ACTION ITEM: When you copy the data, keep every line exactly as written and skip the pictures.

SUPPLIED MATERIAL:
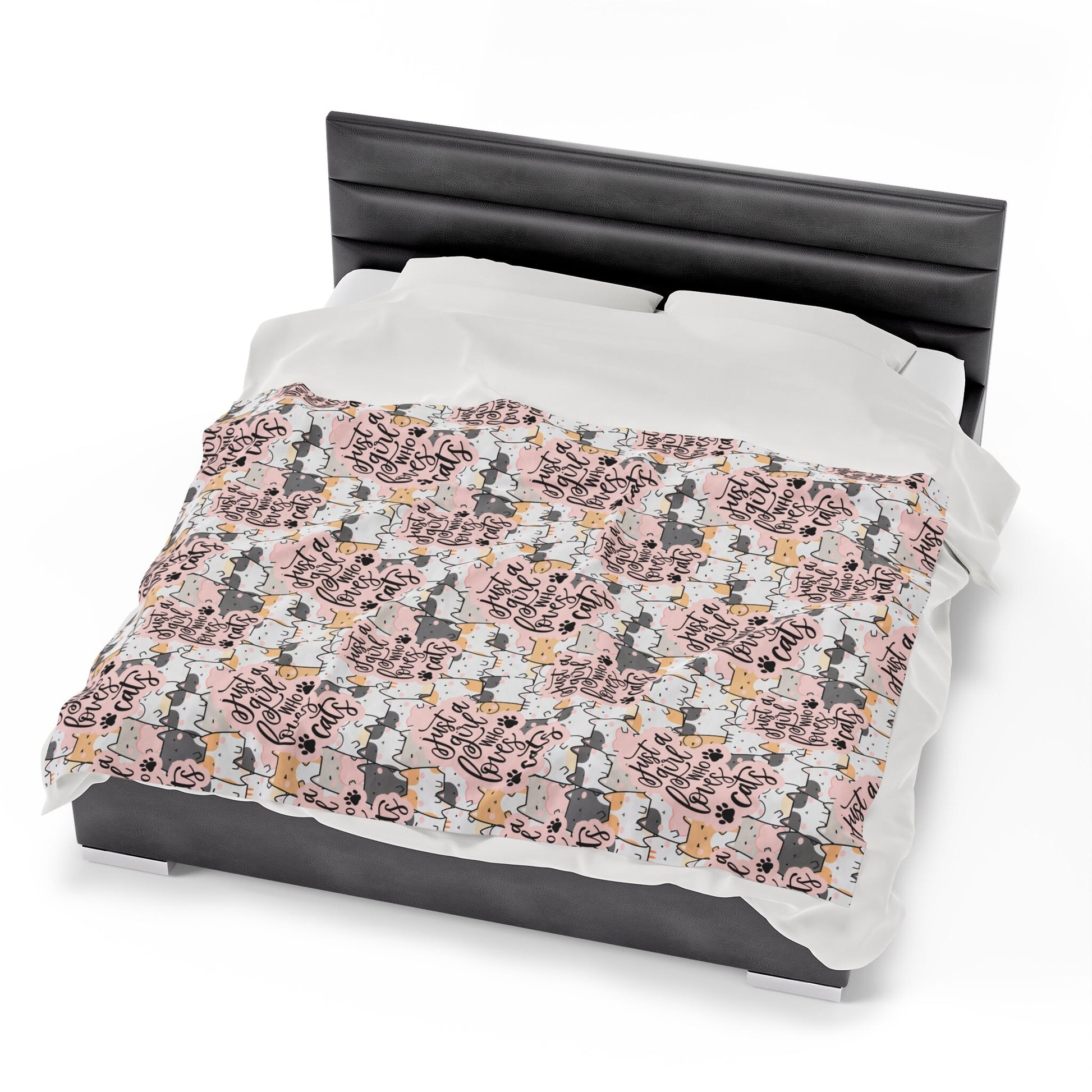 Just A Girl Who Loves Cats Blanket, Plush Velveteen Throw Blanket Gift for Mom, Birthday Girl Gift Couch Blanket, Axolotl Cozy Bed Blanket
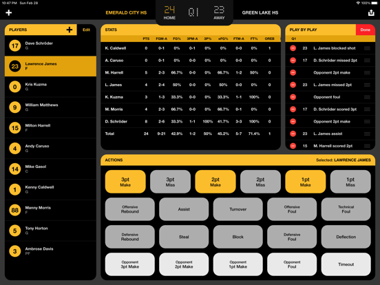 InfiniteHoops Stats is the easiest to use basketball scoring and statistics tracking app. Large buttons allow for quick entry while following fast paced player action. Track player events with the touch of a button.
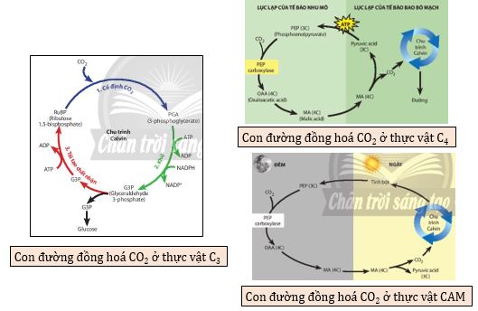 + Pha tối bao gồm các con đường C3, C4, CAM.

EXERCISE OUTPUT:
 Just A Girl Who Loves Cats Blanket, Plush Velveteen Throw Blanket Gift for Mom, Birthday Girl Gift Couch Blanket, Axolotl Cozy Bed Blanket
 InfiniteHoops Stats is the easiest to use basketball scoring and statistics tracking app. Large buttons allow for quick entry while following fast paced player action. Track player events with the touch of a button.
 + Pha tối bao gồm các con đường C3, C4, CAM.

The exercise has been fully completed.